The regulatory, third-party, and custom lists Altana screens your supply chain against — more than 180 in all.

Most exposure work starts with a list. A regulator publishes a roster of restricted parties; a customs authority issues a forced-labor detention order; an export-control agency names entities subject to additional licensing; a multilateral bank debars a contractor for fraud. List-based exposure is the family of exposures Altana surfaces when a company, facility, or shipment in your supply chain matches a recognized list. Every match is anchored to the source list, the issuing authority, and the date the entry was added — so you can show your work to a regulator or an auditor.

Altana maintains a broad, continuously refreshed catalog of these lists. It spans four kinds of source:

  • Government regulatory lists — sanctions programs, export-control rosters, forced-labor designations, debarment lists, and similar, published by national and multilateral authorities.
  • Licensed third-party risk intelligence — curated risk datasets and corporate-affiliation lists from established risk-data providers, available where your deployment is licensed for them.
  • Altana-derived lists — proprietary lists Altana produces, such as geographic geofences and model-derived risk lists (for example, transshipment-risk lists).
  • Custom lists — lists built to your requirements, including lists derived from news and NGO reporting and lists built by graph propagation from a seed set you define.
Altana's exposure-list catalog spans more than 180 lists across these four kinds of source. Which lists are active in your environment depends on your configuration and your licensing — an individual deployment typically screens against the subset relevant to its programs. The appendix below catalogs representative lists by category.

How a list matches your supply chain

Lists reach the supply chain graph in one of two ways, and it helps to know which kind you are looking at.

Entity-driven lists are built around a set of named risk entities — specific companies, individuals, or vessels known to represent the concern. Altana compares those named entities against the companies and facilities in the graph using entity resolution, so a match holds even when names, transliterations, and addresses don't line up exactly. Most regulatory lists — sanctions rosters, the export-control entity lists, debarment lists — are entity-driven.

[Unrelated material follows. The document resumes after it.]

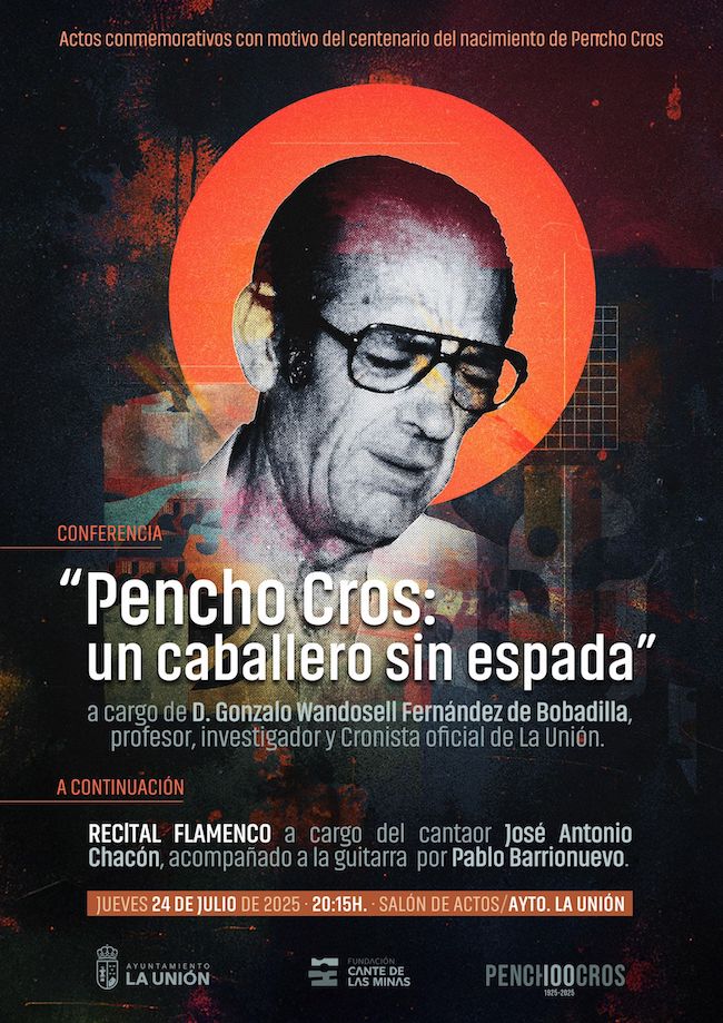 Es el título de la conferencia que, en el marco de los actos conmemorativos por el centenario del nacimiento de gran cantaor flamenco unionense, ofrecerá este jueves Gonzalo Wandosell Fernández de Bobadilla, profesor, investigador y cronista oficial de La Unión. Después habrá un recital flamenco con la voz de José Antonio Chacón y la guitarra de Pablo Barrionuevo.
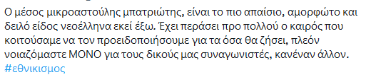 προσωπικά δεν έχω δει κανέναν πατριώτη να λέει τέτοια πράγματα…

Model-driven lists have no named entities to resolve. Instead, membership is the output of a model run over the graph: an entity is a member because the model includes it, not because its name matched a roster. The model can be simple or sophisticated. A simple model is little more than a rule — for example, "any company that operates a facility in a specific region," such as Russia or the Xinjiang Uyghur Autonomous Region. A sophisticated model produces a learned judgment — for example, the likelihood that a company is engaged in illicit narcotics synthesis and distribution, scored from the patterns Altana can observe across the network. Geofences sit at the simple end; transshipment-risk and narcotics-risk lists sit at the sophisticated end. In every case the list carries the same provenance and flows through the same review workflow as a regulatory list, and model-driven flags are surfaced with confidence and explanation so you can weigh them before acting.

Issuing authorities and categories

The issuing authority is the government body, regulator, multilateral institution, or data provider that publishes a list — OFAC for the SDN programs, BIS for the Entity List, the EU for its consolidated sanctions list, the UN for Security Council designations, a customs authority for forced-labor detentions. Every list match carries its issuing authority so you can trace the flag back to the public source.

Altana groups lists into exposure categories that organize them by the kind of restriction they enforce. The categories let you tune importance and routing at the kind-of-risk level rather than list by list:

  • Broad sanctions — wide-scope blocking programs (OFAC SDN, EU and UK consolidated lists, UN designations).
  • Financial sanctions — targeted financial restrictions short of full blocking (sectoral sanctions, correspondent-account restrictions).
  • Export controls — license requirements and denials for controlled goods, software, and technology.
  • Forced labor — forced-labor entity lists, detention orders, and region-based presumptions.
  • Terrorism — designated terrorist organizations and individuals.
  • Criminal indictments and wanted persons — narcotics traffickers, transnational criminal organizations, enforcement actions.
  • Corruption and fraud — debarment lists and enforcement actions tied to corrupt or fraudulent practices.
  • Countermeasures — retaliatory or counter-policy designations issued by foreign governments.
  • Special entities and persons — state-ownership, state-affiliation, and military-affiliation lists, and other high-risk designations.
  • Deforestation and environmental — deforestation-risk areas and environmental embargoes.
  • Transportation safety — maritime and aviation safety designations.
  • Weapons proliferation — designations tied to the spread of weapons of mass destruction and their precursors.
  • Uncategorized — a working bucket for lists not yet assigned a category, including some Altana-derived lists.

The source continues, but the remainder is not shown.